With an estimated population of 235 million people 14 years old or younger, China already presents a massive market for toy sellers, USC’s Dube said. With the lift of the one-child policy, that population is bound to increase.

“Fast-forward almost four decades later and China was staring at a shrinking labor force and a rapidly aging population,” he said.

The one-child policy was fully lifted in 2015 after an earlier partial lifting.

Dube said the timing for toy companies such as Jakks and Mattel is right, but a lot will depend on cultural competency and digital execution.

Wang Feng, a UC Irvine sociologist who studies China’s population policies, said that while the scrapping of the one-child policy is relevant, the move doesn’t necessarily mean a large number of babies being born.

Many women who already have children might not want another one, especially if they live in urban areas where the cost of living is high and there’s uncertainty in the job market, Feng said.

“Even by the most conservative estimates, the projection was that there’d be around 2 million new births in 2016. The results were substantially lower,” he said.

China solution

Jakks and Mattel still might be looking to the market to help their bottom line after recent financial struggles.

On its website, Jakks reported 2016 sales of $706 million, down 5.5 percent from the $745 million it posted the year previously. The company attributed that drop to some key licensed products performing poorly.

Sales in China, however, increased by 256 percent, though that represented only 1 percent of total sales for the year, Jakks told investors last month.

Net income fell a whopping 95 percent to $1.2 million (7 cents a diluted share) last year from $23.2 million (71 cents) in 2015.

A company spokeswoman declined to comment on the fall in net income, referring to a statement on its website that said some “key licensed products performed poorly.”

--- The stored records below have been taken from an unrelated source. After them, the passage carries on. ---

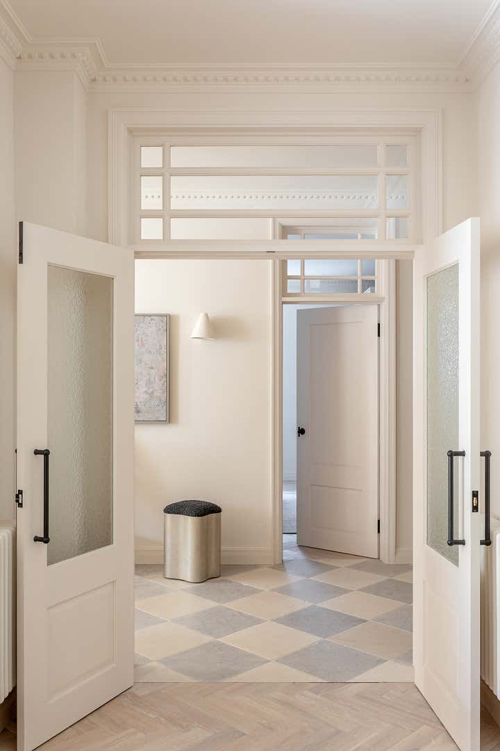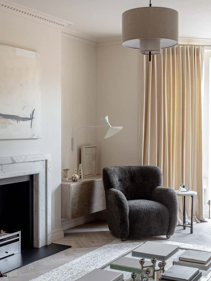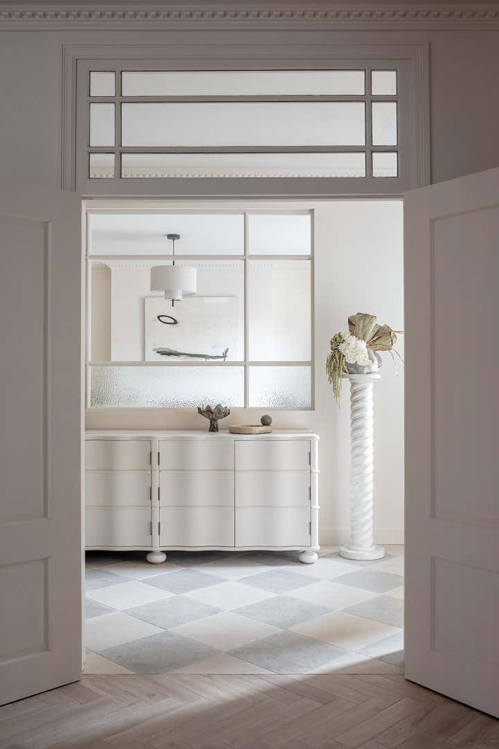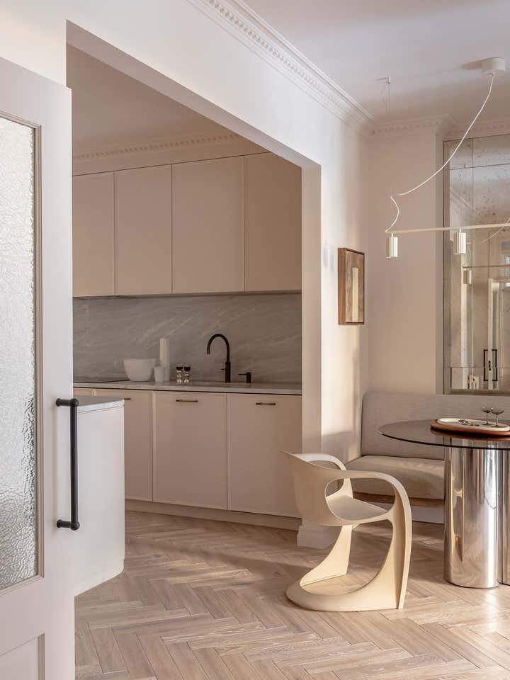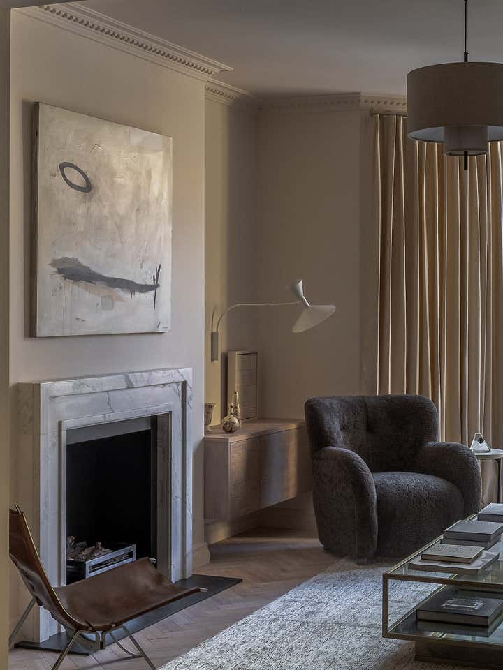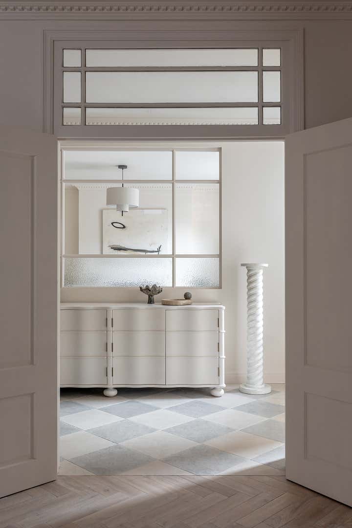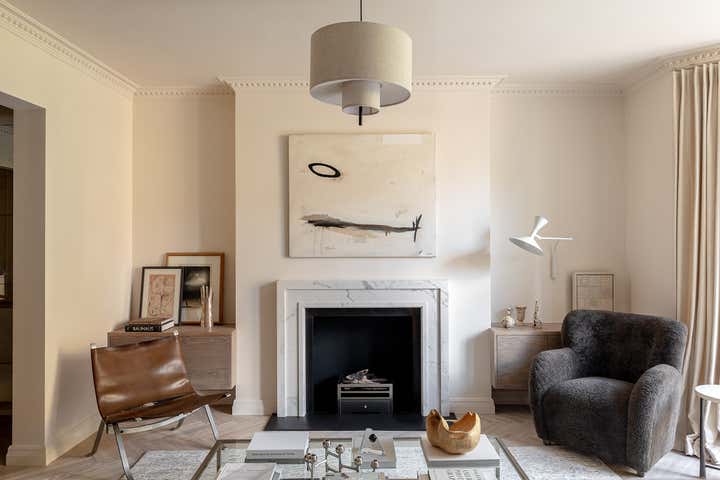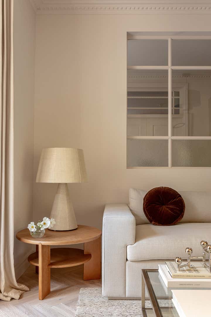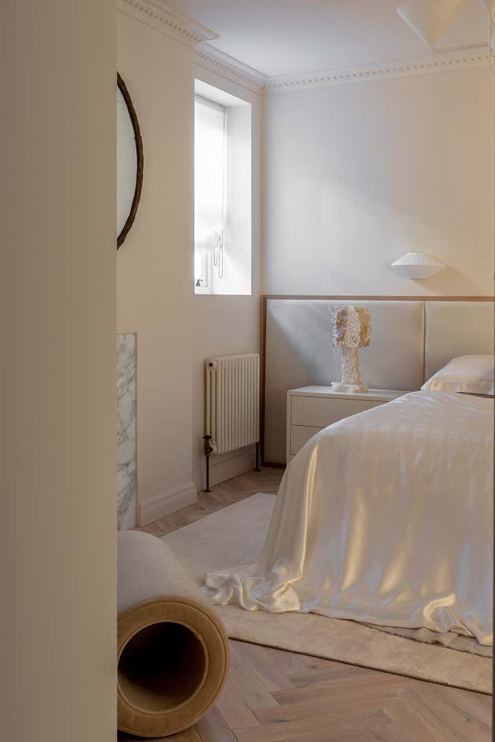 Unlike a typical Victorian London conversion, the unique plan of this lower ground floor flat inspired the European apartment-like layout. Taking influence from the elegant style of grand Parisian and Scandinavian apartments, a calm sanctuary with refined, feminine touches was created for the client who was moving from their long-standing family home and looking for a beautiful new space of their own. The delicate decorative detailing in the coving and bespoke joinery was inspired by the original plasterwork and fan lights over the doorways. As a studio it s always important to sensitively restore the original details and use these as a reference throughout the new design.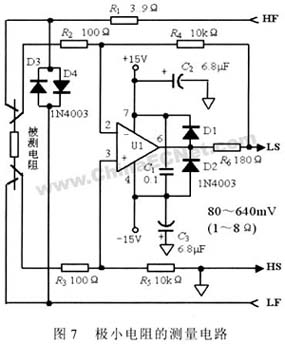對于極小阻值范圍的電阻測量可以采用圖7所示電路完成,它可以測量10~ 80mΩ的電阻。通過差分運算放大電路,把被測電阻產生的微弱電壓信號放大100倍,因此實際電阻值是測量值要除以100。圖中運放UI采用低噪聲、高速、精密運放,如OP-37EJ,AD645或MAX400。和高電位施加線(HF)串聯的電阻R1是用來匹配電流施加模塊的最佳輸出負載,R2到R5采用高精度高穩定性的電阻來保證差放電路增益的穩定,這決定了測量的精度和重復性。為了保證精度,對運放的電源電壓要求很高,電路的安裝位置要盡可能靠近被測電阻,所有探頭要盡可能短,C2,C3要盡可能靠近運放。
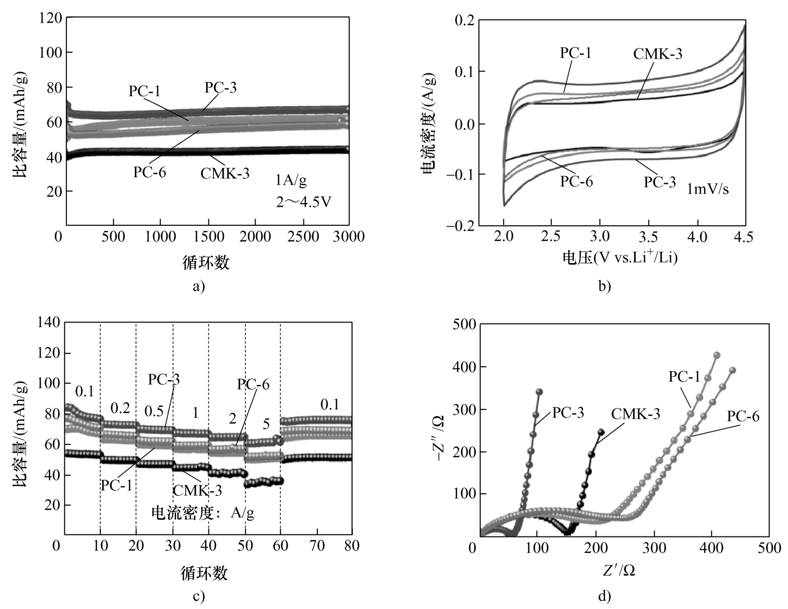 图3-15 a)CMK-3和PC-X在1A/g电流密度下的循环特性曲线;b)CMK-3和PC-X在1mV/s的扫描速率下的循环伏安曲线;c)CMK-3和PC-X在不同电流密度下的倍率性能曲线;d)CMK-3和PC-X交流阻抗图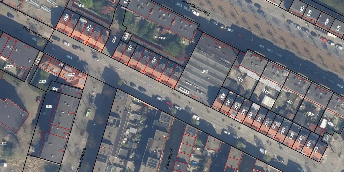 Het perceel waarop Blokmakersstraat 35-B staat heeft een oppervlakte van 426 m². Dit is een groot perceel. De perceeloppervlakte wordt geregistreerd door het Kadaster. Gedetailleerde informatie over de maten van dit perceel kunt u vinden in het rapport Kadastrale kaart met maatvoering van Blokmakersstraat 35-B.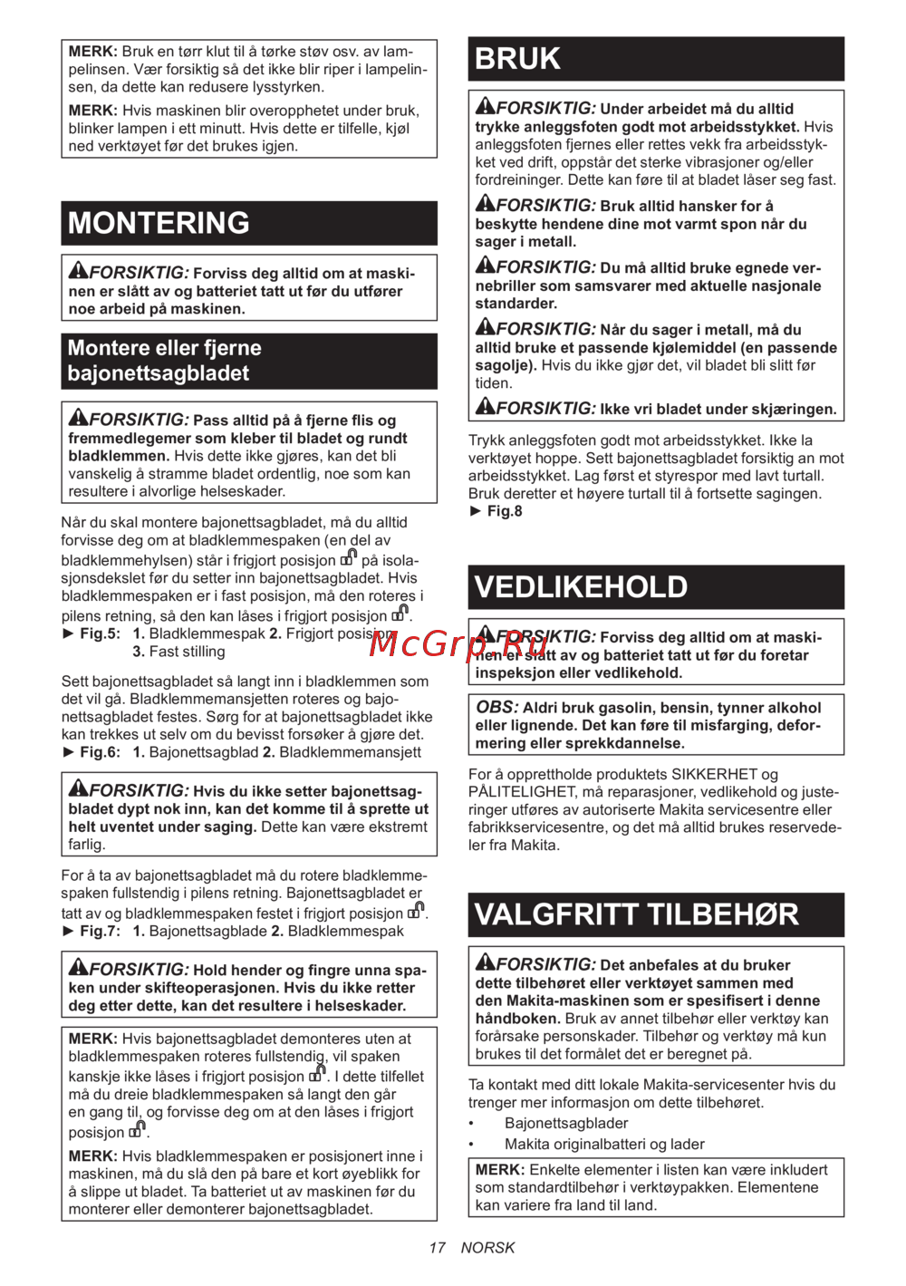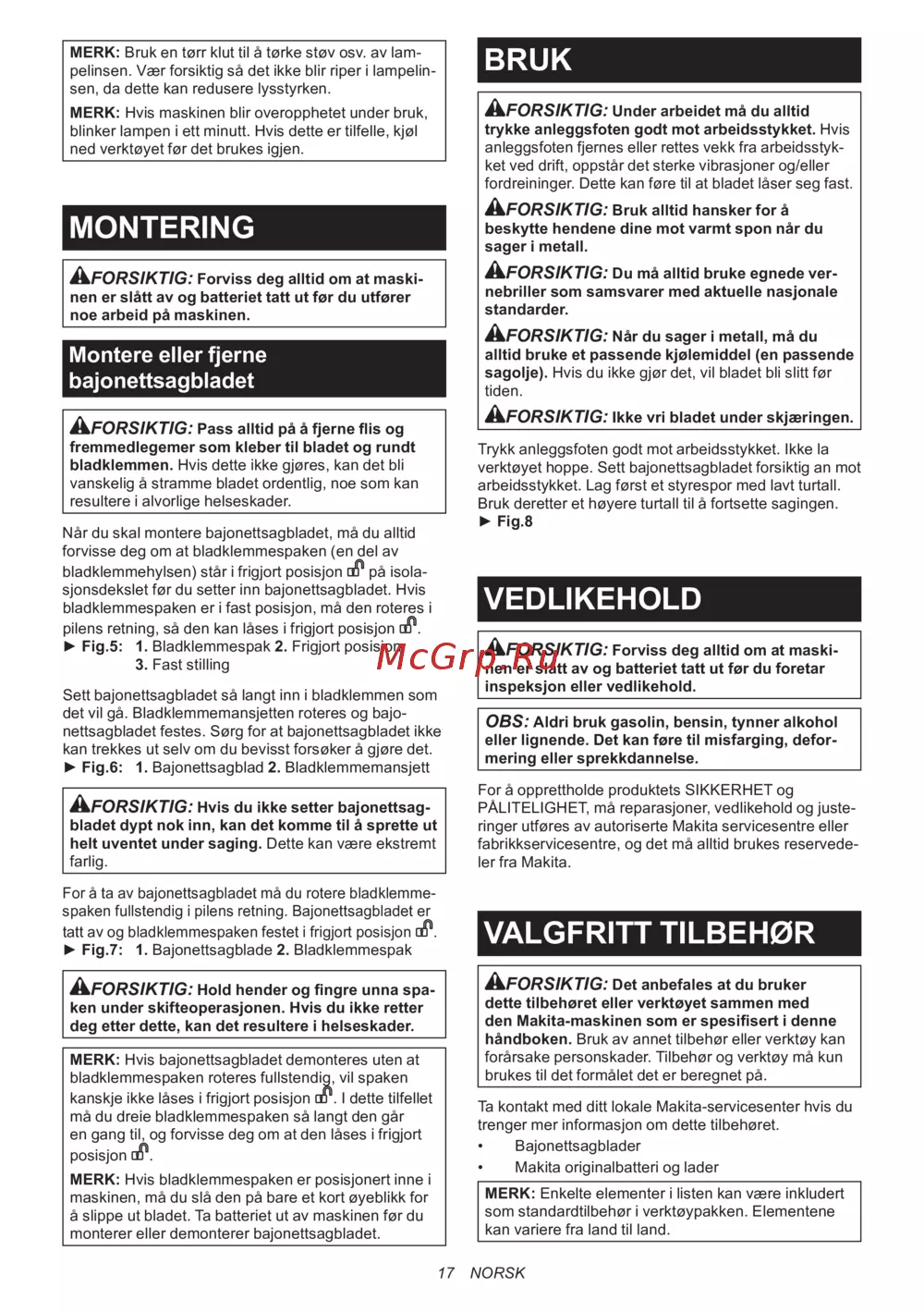 MERK:Hvisbajonettsagbladetdemonteresutenat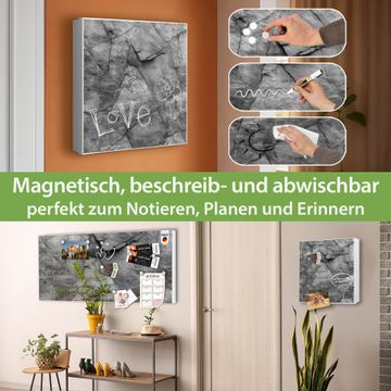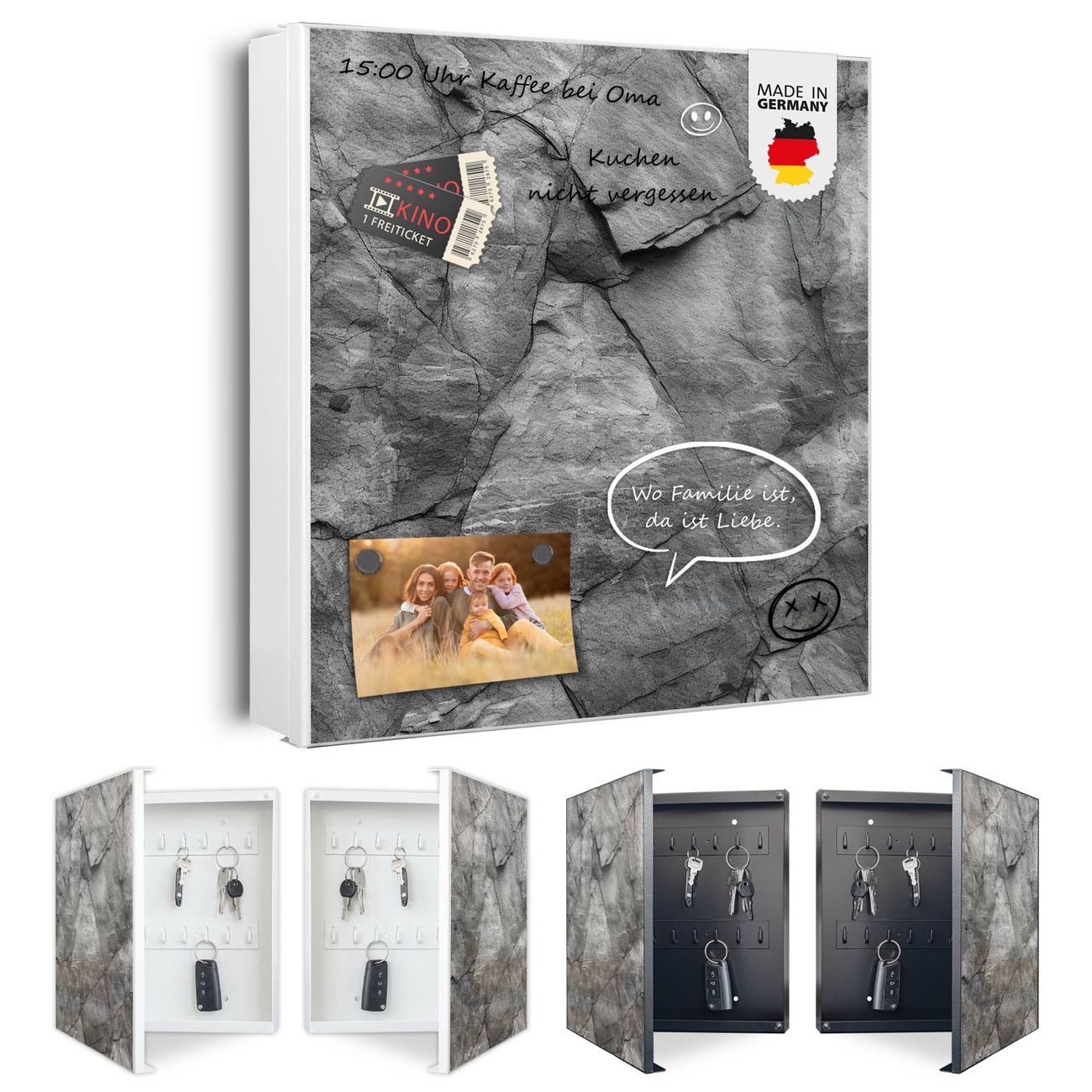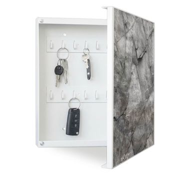 Bringe Ordnung und Eleganz in deinen Eingangsbereich mit dem banjado Schlüsselkasten Motiv Motiv Schiefer Platte 2. Die moderne Schlüsselbox kombiniert funktionales Design mit hochwertiger Verarbeitung und wird so zu einem echten Hingucker in Flur, Büro oder Ferienwohnung. ✅ Stilvolle Schlüsselaufbewahrung mit Motiv Motiv Schiefer Platte 2 Der Design-Schlüsselkasten Motiv Motiv Schiefer Platte 2 bietet Platz für bis zu 32 Schlüssel, die auf 4 stabilen Reihen mit je 8 Haken übersichtlich verstaut werden. Mit seinen kompakten Maßen von 30 x 30 x 5 cm passt die Schlüsselbox perfekt auch in kleinere Räume. Der weiß lackierte Stahlkorpus mit rechts angeschlagenem Türscharnier harmoniert mit gedruckten Folie auf der Front und fügt sich nahtlos in jedes Wohnambiente ein. Ob als Schlüsselorganizer für Zuhause oder als praktische Lösung für Büros, Praxen und Gewerbe, der banjado Schlüsselkasten sorgt für Ordnung und Übersicht. Dank der magnetischen, mit Kreidestiften beschreibbaren Folie auf der Front kannst du Notizen anheften oder Termine direkt auf der Oberfläche festhalten. Die Schlüsselbox Motiv Motiv Schiefer Platte 2 zur Wandmontage wird inklusive Befestigungsmaterial geliefert und ist schnell angebracht. So hast du deine Schlüssel jederzeit griffbereit und zugleich stilvoll verstaut. Mit diesem banjado Schlüsselkasten Motiv Motiv Schiefer Platte 2 kombinierst du praktische Aufbewahrung mit stilvollem Wohndesign. Ob privat oder geschäftlich, die Schlüsselbox sorgt für mehr Ordnung, Übersicht und ein wohnliches Ambiente.Vorteile im Überblick

It was a value proposition that Soon-Shiong brought to Jakks when he took his first big stake in the company in 2012. At the time, Soon-Shiong’s NantWorks formed a partnership with Jakks called DreamPlay Toys to develop and sell toys and other products using NantWorks’ iDream image recognition technology.

Mattel also saw a decline in net sales last year, falling to $5.4 billion, down 4 percent from $5.7 billion in 2015.

Its net income fell 14 percent to $318 million last year (92 cents a diluted share), from $369 million ($1.08) in 2015.

At the end of 2015, the toymaker lost a deal estimated to be worth $300 million to $500 million with Disney, with which Mattel had been working since 1955. Disney handed Hasbro, one its many partners in developing its Princess line, the toy’s production license beginning in January of last year.

Mattel rebounded with an announcement last month that it had partnered with Alibaba, signaling a calculated shift toward online sales and a bigger interest in the Chinese market.

Offering its artificial intelligence lab as part of the deal, Alibaba, often called the Amazon.com of China, will help Mattel develop education-focused products. The company also will help Mattel better market its products by using data Alibaba has collected on Chinese consumers, according to a statement from Mattel.

“Chinese parents hold more value to educational toys,” said Gerrick Johnson, an analyst with BMO Capital Markets Corp. “By using a partner such as Alibaba, it’s great that Mattel has boots on the ground. It’ll know what to market to people.”